А казаки да голота слушают да смеются, так и «регочут» на весь рынок… «Добре! Добре, брате, граешь… правду промовляешь!..»

И радостью искрятся старые очи Палия при этом воспоминании… Доброе что-то проходит по его ветхому, такому же, как и в детстве, кроткому, лицу…

— Добри в мене дитки — козаки… Хоч голи — та весели… Да и поп этот московский, отец Иоанн Лукьянов, что от святых мест ехал на Белую Церковь — «таке чудне попиня» … Турки, что провожали его с купцами по степи, боятся, говорит попик, Палия…

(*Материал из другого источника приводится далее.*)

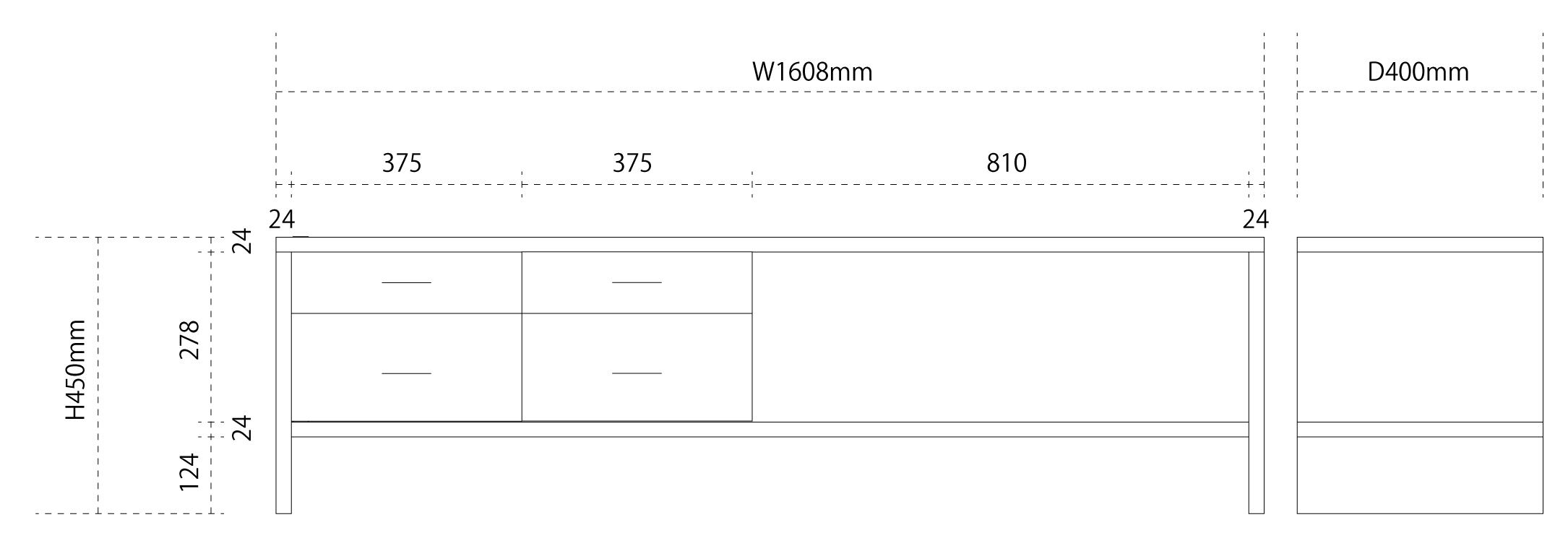 ・H450*W1608*D400mm
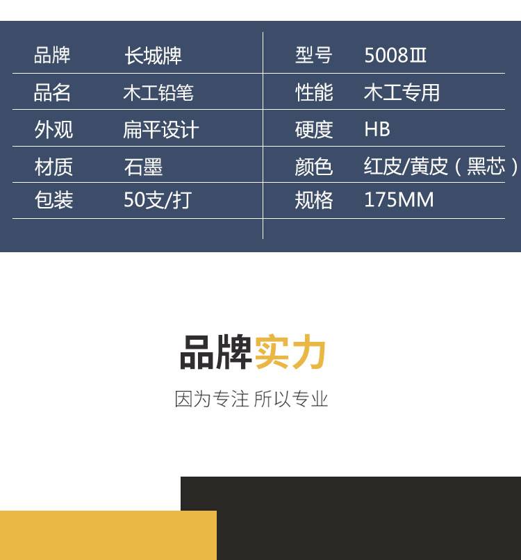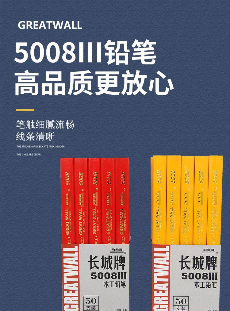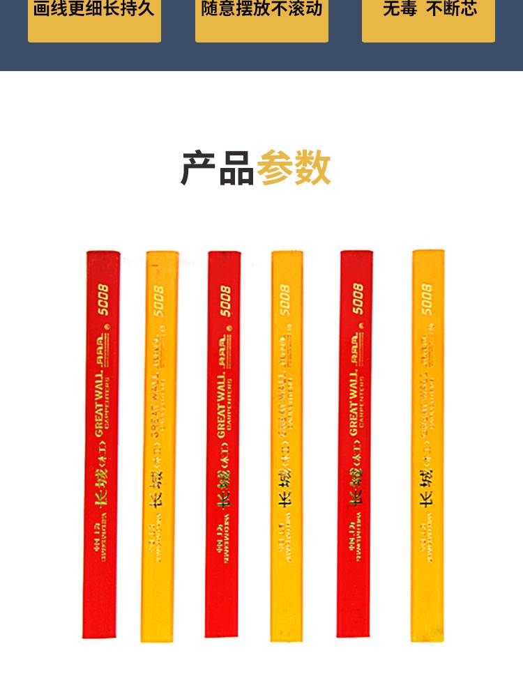 长城牌木工笔铅笔专用工程绘图画线扁头笔黑色铅芯50支装批发新款
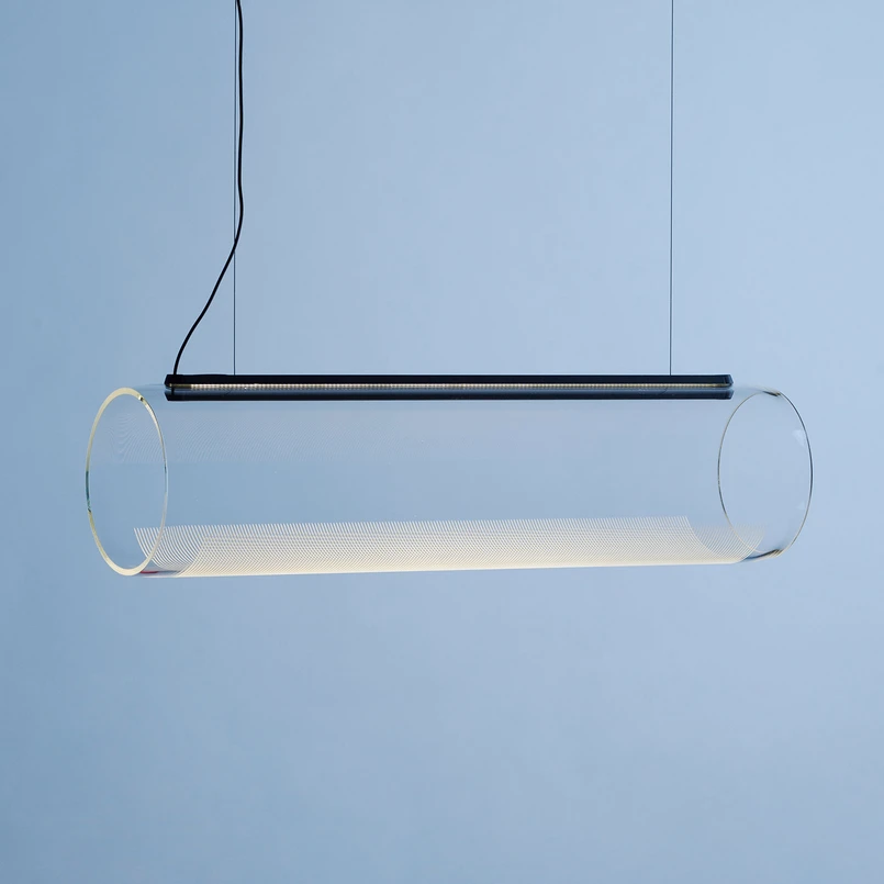 Neben den technischen Highlights kann die Leuchte auch mit ihren Materialien punkten. Beim Glas der Röhre handelt es sich um Borosilikatglas, das in Handbarbeit vom international führenden Glashersteller Schott AG hergestellt wird. Der sorgfältige Herstellungsprozess in Handarbeit wird vor allem durch die kleinen Schönheitsfehler im Glas deutlich, wie z.B. kleine Luftblasen oder Einschlüsse, die jede Leuchte zu einem absoluten Unikat machen. Über einen Sensor an der Oberseite des Leuchtenkörpers lässt sich die Hängeleuchte ein- und ausschalten sowie dimmen.

— Мы б вас с радостью и до Киева проводили, говорят, да боимся Палия вашего: он нас не выпустит вон от себя… тут-де и побьет…

— Чудни турки…

— То-то чудны. У нас, говорят, про Палия страшно грозная слава.

— Овва — бо! Яка вже там гризна!

— Еще бы!.. Мы, говорят, никого так не боимся, как Палия… Нам-де и самим зело хочется его посмотреть образ… каков-де он?

И доброе лицо старика светится детски — старческою улыбкою…

— Образ… У мене образ… От дурни!

И старик, сойдя с рундучка, тихо побрел через обширный двор к леваде, усаженной вербами. Начинало светать, но вербы со своими густыми низко опустившимися ветвями казались еще совсем темными, и только в просветах между ними виднелось небо, розовые краски которого обещали прелестное утро… Две собаки спали, разметавшись середи двора, словно бы уверенные, что не их дело лаять, когда не на кого, увидав хозяина, поднялись с земли и, точно по заказу, замахали хвостами, как бы говоря: «Ну вот соснули и мы маленько… А теперь за дело…»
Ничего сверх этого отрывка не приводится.